Cavitations, a common feature of pulmonary Aspergillosis observed in lung CT scan, were reported in all four adults (age 49–79 years) belonging to a group with invasive aspergillosis and in two out of five children, aged 7–11 years, with Aspergillosis and Mucormycosis (Figure 7, Table 3).
In a group of seven premature newborns the sonographic pattern of lung invasive fungal disease was typical, characterized by bilateral lung consolidation with air bronchogram and irregular boundaries (Table 3). Different patterns of B lines, reflecting a different degree of lung edema, were observed in all non-consolidated areas.
In a group of older children (5–11 years), more typical lesions were described, including hypo-echoic nodules with hyperechoic rims or hyper-echoic nodules with hypo/anechoic rims (Figure 8, Figure 9 and Figure 10). In a few cases, the “fungus ball” was evidenced as a hyper-echoic area in the center of the main lesion (Figure 8).

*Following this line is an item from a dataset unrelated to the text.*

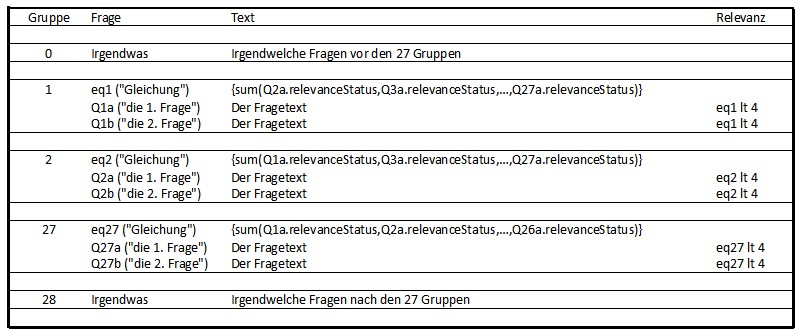 In jeder dieser Gleichungen wird der "relevanceStatus" aller ANDEREN 26 ersten Fragen summiert.

3.2.3. Mycobacterium tuberculosis Lung Infection

We selected six studies, including a total of 213 patients affected by pulmonary TB. Of these, one study included only children (40 cases, with a mean age of 2 years old) and one study specifically selected 10 adults with miliary TB (Table 4). The studies were performed either in Western countries including patients at high risk for TB or in countries that have a high risk of TB.
Sonographic consolidations, often multiples and mainly apical, where commonly described in both children (55%) and adults (from 77% to 80%), with the exception of cases of miliary TB. None of the studies, except a single case report, reported the occurrence of atelectasis in the context of consolidated areas.
In adult TB, the most common and peculiar findings were circular or ellipsoidal hypo-echoic sub-pleural lesion, generally <1.5 cm, defined as “sub-pleural nodes”. These were reported in up to 90% of adults, mainly in the superior quadrants of the lung (Table 4, Figure 11 and Figure 12).
Pleural effusion was most commonly found in children (30%) than in adults (on average 15% of the cases). However, pleural irregularities were common findings in all groups. Sonographic cavitation was absent in children and was reported in a small number of adults (5 to 30%) (Figure 13 and Table 4).
In 10 adults with miliary TB, a quite precise sonographic pattern was shown, invariably characterized by B lines and echogenic bright “granular” artifacts in the sub-pleural areas, defined as “sub-pleural granularities”.

4. Discussion

4.1. General Considerations

Over the last decade, a considerable amount of work has been performed to define the role of LUS as point-of-care diagnostic tool [46,47,48,49,50,51,52,53,54,55]. While most of the studies focused on CAP, with pathogens rarely microbiologically distinguished, LUS has also been proposed as a tool for etiological diagnosis [33]. This systematic revision explored cases of lung infection caused by pathogens which are rare in the immunocompetent population (Mycobacteria and fungi) or by intracellular pathogens. These infections are common in children but are mainly included in the group of community acquired infections, without any distinction from the most common etiologies such as S. pneumoniae. We found a limited number of studies, particularly for fungal infection. These studies presented several limitations including mainly a small sample size and heterogeneous definitions of lung sonographic patterns. This is not surprising, as LUS is still an emerging technique and is currently in the process of standardization. For this reason, the studies were difficult to compare and the study populations difficult to merge. However, we found that some interesting and specific LUS patterns have been described in association with these infections and can represent a good starting point for further investigations.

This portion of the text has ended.